-- Exercise --
For the data below, work out how many lines contain the word "will" and supply only that number.

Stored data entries
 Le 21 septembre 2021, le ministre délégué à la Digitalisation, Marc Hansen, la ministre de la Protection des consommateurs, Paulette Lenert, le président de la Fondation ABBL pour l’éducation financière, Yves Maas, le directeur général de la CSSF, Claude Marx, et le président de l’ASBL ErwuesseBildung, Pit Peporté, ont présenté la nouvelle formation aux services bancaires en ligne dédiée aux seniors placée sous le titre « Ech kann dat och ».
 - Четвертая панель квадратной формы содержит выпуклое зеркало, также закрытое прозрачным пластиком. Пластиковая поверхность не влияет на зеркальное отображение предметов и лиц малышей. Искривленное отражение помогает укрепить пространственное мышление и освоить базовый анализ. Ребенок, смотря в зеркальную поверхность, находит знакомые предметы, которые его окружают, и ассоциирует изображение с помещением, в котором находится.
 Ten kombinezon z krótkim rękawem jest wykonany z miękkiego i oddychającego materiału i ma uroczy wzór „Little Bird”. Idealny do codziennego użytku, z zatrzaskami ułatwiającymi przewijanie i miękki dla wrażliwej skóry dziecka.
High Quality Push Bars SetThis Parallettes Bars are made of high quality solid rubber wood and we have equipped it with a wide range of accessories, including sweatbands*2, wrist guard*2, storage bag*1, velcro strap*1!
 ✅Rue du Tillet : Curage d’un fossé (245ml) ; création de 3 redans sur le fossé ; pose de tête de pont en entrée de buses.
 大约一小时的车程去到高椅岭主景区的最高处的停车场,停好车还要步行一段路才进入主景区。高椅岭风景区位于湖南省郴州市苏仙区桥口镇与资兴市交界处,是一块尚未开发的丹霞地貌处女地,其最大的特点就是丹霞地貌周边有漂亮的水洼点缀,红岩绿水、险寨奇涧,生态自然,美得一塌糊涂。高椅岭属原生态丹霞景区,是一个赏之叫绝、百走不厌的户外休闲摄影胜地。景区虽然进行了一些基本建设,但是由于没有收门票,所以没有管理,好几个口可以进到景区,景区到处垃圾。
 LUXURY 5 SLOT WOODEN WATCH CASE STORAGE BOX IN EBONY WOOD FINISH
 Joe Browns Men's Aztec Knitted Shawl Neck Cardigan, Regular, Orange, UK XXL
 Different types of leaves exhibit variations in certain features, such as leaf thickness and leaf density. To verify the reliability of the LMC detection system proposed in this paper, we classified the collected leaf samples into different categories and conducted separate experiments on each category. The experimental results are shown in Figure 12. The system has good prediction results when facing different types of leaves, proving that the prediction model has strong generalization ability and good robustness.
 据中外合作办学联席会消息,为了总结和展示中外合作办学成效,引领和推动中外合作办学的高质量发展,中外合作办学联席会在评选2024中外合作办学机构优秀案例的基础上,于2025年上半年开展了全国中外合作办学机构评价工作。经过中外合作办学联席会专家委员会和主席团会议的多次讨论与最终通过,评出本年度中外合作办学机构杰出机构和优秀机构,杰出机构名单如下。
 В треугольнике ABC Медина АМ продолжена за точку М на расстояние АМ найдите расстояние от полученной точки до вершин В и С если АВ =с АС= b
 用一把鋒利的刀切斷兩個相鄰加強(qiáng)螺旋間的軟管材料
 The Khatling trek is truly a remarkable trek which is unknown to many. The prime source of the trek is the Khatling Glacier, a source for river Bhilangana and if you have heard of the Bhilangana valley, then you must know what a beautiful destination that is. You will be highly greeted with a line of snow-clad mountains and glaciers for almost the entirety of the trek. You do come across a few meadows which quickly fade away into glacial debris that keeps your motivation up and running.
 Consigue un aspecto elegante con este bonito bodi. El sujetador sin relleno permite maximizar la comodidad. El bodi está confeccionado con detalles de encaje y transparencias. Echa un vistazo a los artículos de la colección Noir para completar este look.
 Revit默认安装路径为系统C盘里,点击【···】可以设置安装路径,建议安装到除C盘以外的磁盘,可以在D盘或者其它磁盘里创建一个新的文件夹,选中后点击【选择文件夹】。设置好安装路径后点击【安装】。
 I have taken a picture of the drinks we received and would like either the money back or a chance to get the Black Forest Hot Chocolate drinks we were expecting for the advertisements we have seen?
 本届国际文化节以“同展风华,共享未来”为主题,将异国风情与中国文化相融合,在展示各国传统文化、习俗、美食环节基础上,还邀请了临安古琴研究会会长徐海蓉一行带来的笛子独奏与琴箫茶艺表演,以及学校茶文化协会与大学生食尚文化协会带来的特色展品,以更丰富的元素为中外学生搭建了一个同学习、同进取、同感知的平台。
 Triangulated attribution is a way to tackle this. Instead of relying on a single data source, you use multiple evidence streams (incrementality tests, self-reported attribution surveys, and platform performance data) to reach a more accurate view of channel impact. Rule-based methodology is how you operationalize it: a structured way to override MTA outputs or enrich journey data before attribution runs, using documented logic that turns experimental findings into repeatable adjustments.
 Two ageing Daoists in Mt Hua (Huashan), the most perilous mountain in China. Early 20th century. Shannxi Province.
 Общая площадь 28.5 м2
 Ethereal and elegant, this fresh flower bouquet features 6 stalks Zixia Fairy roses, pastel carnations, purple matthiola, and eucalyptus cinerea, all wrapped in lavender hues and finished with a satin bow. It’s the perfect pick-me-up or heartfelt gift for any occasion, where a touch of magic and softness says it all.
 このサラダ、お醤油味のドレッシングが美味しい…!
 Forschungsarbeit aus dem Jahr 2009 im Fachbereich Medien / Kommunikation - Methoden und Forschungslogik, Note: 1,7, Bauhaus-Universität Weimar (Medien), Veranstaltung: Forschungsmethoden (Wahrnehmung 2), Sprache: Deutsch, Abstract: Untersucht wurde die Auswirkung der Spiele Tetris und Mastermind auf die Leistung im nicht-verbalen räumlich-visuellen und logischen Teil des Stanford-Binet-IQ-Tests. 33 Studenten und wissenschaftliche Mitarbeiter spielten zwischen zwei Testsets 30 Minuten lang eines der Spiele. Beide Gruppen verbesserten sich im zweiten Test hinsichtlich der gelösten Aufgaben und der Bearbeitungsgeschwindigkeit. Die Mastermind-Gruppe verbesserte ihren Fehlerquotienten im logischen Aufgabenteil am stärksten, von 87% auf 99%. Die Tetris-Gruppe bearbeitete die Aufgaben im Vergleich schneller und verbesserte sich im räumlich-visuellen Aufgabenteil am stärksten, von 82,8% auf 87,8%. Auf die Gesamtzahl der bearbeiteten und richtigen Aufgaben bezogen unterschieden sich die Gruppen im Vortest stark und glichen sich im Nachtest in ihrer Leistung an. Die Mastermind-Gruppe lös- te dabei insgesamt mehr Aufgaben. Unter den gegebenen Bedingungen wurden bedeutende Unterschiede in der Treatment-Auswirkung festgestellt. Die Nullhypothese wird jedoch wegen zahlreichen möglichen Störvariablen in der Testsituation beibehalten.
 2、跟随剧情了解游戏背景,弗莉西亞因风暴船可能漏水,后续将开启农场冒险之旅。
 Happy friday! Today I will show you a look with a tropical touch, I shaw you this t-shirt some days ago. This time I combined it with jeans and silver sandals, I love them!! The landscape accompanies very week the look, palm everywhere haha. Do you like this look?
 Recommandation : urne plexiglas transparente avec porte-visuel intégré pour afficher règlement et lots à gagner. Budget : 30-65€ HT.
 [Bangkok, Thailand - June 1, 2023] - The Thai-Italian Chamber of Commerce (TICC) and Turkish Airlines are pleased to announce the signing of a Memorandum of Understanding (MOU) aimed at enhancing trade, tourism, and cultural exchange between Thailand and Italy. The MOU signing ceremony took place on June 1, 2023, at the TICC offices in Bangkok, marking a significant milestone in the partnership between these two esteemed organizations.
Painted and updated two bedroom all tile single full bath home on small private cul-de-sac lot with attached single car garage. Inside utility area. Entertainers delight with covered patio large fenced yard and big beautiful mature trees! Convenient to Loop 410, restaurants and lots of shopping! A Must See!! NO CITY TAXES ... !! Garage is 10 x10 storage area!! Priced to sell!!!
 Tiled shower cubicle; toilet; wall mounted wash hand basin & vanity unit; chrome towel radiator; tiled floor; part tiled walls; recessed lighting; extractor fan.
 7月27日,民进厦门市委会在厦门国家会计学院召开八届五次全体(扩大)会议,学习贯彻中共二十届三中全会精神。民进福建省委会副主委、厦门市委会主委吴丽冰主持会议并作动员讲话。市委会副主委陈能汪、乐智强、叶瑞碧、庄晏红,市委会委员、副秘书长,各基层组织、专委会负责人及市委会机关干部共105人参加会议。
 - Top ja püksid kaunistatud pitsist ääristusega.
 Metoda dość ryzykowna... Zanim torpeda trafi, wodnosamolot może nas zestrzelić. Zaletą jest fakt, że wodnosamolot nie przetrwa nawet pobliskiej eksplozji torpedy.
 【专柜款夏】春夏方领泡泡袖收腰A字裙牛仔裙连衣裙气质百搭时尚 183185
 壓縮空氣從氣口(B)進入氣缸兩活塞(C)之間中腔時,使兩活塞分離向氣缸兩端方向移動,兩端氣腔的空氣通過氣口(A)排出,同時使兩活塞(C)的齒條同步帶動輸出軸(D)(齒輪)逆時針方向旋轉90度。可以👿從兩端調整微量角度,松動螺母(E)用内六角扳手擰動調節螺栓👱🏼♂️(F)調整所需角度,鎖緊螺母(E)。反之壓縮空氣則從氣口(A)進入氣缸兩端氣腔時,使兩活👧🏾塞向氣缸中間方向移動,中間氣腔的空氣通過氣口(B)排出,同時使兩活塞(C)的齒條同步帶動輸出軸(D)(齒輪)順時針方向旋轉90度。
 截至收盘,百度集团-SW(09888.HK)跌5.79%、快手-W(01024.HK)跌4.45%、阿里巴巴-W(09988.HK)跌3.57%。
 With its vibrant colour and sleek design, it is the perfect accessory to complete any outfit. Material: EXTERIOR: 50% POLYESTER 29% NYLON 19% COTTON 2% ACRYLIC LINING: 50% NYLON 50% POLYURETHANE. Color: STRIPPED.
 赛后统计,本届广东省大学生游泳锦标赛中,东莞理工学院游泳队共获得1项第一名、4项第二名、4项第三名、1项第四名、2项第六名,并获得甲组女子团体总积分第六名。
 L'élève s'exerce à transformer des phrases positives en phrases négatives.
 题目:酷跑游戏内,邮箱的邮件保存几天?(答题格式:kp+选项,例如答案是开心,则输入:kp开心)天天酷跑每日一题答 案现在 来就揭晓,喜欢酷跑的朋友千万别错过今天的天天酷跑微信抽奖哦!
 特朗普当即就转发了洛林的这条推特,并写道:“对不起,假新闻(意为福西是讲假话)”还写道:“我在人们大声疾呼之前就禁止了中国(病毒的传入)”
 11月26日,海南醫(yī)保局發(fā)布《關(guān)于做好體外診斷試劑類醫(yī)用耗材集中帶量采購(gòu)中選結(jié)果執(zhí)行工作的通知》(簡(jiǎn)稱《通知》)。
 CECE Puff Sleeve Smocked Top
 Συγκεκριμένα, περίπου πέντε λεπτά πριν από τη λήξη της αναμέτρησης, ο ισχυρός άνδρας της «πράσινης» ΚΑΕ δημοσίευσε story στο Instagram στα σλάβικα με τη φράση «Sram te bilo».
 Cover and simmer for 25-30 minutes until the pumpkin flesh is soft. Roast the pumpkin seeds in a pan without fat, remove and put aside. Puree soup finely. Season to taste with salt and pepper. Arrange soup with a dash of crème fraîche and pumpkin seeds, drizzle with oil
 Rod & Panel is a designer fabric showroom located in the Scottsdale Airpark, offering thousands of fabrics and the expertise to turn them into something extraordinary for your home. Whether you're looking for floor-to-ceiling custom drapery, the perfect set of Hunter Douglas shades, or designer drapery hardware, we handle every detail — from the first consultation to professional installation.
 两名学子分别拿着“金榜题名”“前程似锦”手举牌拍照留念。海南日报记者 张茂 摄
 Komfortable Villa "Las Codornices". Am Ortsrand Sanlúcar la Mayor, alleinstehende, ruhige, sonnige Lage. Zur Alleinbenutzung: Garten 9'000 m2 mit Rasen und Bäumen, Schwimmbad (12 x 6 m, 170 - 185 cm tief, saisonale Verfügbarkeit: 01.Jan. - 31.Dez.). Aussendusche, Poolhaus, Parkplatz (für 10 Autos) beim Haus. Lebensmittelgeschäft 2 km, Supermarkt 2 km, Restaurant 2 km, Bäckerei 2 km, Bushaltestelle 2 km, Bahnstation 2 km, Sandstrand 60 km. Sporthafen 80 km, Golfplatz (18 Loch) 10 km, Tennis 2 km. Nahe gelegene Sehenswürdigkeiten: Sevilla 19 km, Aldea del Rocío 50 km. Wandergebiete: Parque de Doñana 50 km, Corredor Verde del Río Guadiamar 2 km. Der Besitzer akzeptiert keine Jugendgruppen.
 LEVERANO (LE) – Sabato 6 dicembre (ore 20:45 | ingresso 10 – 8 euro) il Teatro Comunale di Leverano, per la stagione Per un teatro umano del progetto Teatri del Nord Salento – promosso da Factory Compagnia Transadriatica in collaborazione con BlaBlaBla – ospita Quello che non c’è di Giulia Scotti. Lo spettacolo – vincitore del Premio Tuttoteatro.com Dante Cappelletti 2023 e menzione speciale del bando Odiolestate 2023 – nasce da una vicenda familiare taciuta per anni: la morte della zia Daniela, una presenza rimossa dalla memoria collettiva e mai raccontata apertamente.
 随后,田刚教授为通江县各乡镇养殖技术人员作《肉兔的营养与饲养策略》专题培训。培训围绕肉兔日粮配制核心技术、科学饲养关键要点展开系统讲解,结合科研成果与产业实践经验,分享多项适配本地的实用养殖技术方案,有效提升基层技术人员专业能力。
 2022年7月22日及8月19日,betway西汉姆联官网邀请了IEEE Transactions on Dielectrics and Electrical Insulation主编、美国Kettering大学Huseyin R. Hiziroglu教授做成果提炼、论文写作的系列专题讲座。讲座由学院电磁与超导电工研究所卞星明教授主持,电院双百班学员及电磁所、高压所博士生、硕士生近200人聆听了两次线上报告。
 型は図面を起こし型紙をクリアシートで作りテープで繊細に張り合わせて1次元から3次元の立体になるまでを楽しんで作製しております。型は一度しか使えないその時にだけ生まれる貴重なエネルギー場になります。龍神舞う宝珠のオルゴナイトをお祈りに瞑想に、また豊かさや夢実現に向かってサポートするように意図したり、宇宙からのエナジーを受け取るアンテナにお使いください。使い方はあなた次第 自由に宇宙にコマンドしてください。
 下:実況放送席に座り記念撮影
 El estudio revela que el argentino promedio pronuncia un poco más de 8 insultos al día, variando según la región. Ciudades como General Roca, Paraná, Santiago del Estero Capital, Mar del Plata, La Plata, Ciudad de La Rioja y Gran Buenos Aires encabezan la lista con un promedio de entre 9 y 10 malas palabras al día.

-- Task answer --
2